Let’s take a look at the list for this week.
Star Trek: The Next Generation – Mirror Broken #5
Absolutely unbelievable. What a great start to reading and an amazing treat to see Star Trek: TNG re-envisioned this way. What I love about this series from the Tiptons and J.K. Woodward is how authentic this story is. This could be a script for the Next Generation and it’s a measure of the fan love these creators have for this franchise.
This crew is untested and the ship is brand-new. But it’s Picard and his officers who manage to hold the line. Though this is the Mirror Universe, they still manage to work towards each other’s strengths and accomplish the impossible. Still, you can’t really say that this is a “bonding” story – it is the Mirror Universe, after all, and this iteration of Trek is supposed to be the “evil” one, remember?

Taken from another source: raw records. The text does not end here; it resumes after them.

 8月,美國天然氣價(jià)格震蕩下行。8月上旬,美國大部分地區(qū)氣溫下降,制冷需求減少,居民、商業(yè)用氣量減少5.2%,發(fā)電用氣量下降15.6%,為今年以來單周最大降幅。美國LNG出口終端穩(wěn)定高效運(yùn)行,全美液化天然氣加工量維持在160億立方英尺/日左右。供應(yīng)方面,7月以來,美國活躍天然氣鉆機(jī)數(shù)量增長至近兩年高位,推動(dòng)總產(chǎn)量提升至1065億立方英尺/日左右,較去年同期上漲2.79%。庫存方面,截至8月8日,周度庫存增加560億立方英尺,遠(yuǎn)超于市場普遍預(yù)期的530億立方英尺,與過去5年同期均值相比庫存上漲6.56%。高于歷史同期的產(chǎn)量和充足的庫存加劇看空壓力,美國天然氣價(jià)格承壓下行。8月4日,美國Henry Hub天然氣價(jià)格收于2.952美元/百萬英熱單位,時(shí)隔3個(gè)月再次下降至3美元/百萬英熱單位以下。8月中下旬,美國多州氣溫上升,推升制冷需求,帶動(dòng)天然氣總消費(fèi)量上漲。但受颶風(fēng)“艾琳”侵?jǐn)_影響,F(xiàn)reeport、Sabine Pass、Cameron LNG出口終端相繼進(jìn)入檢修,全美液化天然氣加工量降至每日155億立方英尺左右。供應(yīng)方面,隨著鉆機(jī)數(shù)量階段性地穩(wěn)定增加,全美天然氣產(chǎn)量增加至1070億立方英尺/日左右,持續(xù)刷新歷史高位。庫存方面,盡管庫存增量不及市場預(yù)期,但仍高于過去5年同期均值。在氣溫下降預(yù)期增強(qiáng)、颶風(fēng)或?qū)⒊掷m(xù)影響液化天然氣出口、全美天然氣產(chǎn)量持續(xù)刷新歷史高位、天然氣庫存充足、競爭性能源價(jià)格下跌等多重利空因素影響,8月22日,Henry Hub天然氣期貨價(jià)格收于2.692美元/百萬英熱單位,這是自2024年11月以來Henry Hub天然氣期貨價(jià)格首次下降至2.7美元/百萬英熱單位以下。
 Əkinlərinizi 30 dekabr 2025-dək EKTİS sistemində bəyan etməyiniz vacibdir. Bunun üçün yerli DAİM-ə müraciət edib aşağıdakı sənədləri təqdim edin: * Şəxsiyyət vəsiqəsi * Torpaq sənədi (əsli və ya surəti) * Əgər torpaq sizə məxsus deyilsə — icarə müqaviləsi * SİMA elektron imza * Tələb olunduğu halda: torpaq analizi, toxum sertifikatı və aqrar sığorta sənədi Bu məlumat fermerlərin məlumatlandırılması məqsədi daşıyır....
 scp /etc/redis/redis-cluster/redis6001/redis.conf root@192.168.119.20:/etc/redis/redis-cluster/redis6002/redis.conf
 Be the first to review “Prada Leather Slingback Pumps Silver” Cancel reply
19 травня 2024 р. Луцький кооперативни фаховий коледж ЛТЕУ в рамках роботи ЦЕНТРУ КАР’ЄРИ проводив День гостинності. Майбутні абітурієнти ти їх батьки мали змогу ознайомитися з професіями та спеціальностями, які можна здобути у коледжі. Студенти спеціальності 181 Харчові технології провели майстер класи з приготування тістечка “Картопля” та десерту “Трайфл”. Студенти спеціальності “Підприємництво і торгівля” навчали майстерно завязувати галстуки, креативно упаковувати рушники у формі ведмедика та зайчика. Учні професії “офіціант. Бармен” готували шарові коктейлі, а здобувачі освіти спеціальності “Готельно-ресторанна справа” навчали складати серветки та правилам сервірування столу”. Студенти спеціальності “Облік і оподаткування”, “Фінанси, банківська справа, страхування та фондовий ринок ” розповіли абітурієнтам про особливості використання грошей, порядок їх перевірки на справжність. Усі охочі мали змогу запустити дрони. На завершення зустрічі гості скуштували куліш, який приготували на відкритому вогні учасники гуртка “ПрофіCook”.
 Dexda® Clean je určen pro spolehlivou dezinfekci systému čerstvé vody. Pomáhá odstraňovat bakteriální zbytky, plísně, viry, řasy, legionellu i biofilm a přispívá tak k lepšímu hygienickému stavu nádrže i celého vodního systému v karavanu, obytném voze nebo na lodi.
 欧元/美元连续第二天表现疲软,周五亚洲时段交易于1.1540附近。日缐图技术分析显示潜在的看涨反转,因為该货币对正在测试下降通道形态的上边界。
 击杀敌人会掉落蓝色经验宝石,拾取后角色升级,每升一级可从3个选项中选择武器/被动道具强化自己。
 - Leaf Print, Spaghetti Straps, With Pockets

The artistry is absolutely superb. Woodward has always been an incredible talent but the level of detail he adds to his work can only come from a source of true devotion to Star Trek. When you see his Picard stand up and adjust his uniform tunic in the exact way that Patrick Stewart does in the television show, then you know this is an artist who pays great care to represent his subject in as detailed a manner as possible. This level of care adds an exponential degree of quality to this book.
But Scott and David Tipton need to be commended for the level of action and intensity of their story. This is a five-issue origin story that really does more than its fair share of justice to this re-imagined crew of the ISS Enterprise. This is the Mirror Universe Story Star Trek TNG fans were missing and it should be included as canon for not just the level of authenticity but also the sheer joy of experiencing Trek on another level of fun.
I’m looking forward to the eventual hardcover with great anticipation.
Black Bolt #8
Re-establishing ties of family and friendship is definitely key to appreciating this book by Saladin Ahmed and Christian Ward. I have to say, I wasn’t too crazy about Ward’s artwork, but Ahmed definitely has my attention in exploring how Black Bolt is going to restore his crumbling kingdom.
With the Inhumans though, that’s pretty much always the plot. But the hurdle is how relevant can you make it for the reader? Family is always tough to deal with, so the trick is to hit as many popular themes that all families share to get a sense of popular acceptance. Of course, what makes it tougher is that you have a protagonist who can’t talk – unless he wants to take out a mountain.
Still, this theme always works for me; I’m a family guy, and I’m sure there are others out there like me.
Dr. Strange #382
Restoration – how do you replace what you’ve lost?
Donny Cates asked not to reveal the ending to this one. I never do anyway, but in this case, I can see why he wanted to keep as tight a lid on this as much as possible. I’m not one for revealing spoilers in any event but trust me: you will be completely gobsmacked when you see what I’m talking about.
But, as you already know, Loki has the mantle of Sorceror Supreme and Stephen Strange is a veterinarian. That’s a great deal of humble pie to swallow, and that partly answers the question. Someone is going to have to eat a bit of crow in order to either replace the loss or accept the fact that whatever it is that’s gone wasn’t worth it in the first place. If the latter is the case, then it just means that everything leading up to it was a lie.
However, if it was valuable, then something drastic has to happen to salvage it.
And that’s what Strange decides to do. His title, his responsibility and his friends are in the hands of someone who doesn’t deserve them. Even though the decision is one that will surely come back to haunt him, I loved this issue simply because of the motivation behind it. Nice going, Cates. You’ve definitely come up one hell of a shocking solution.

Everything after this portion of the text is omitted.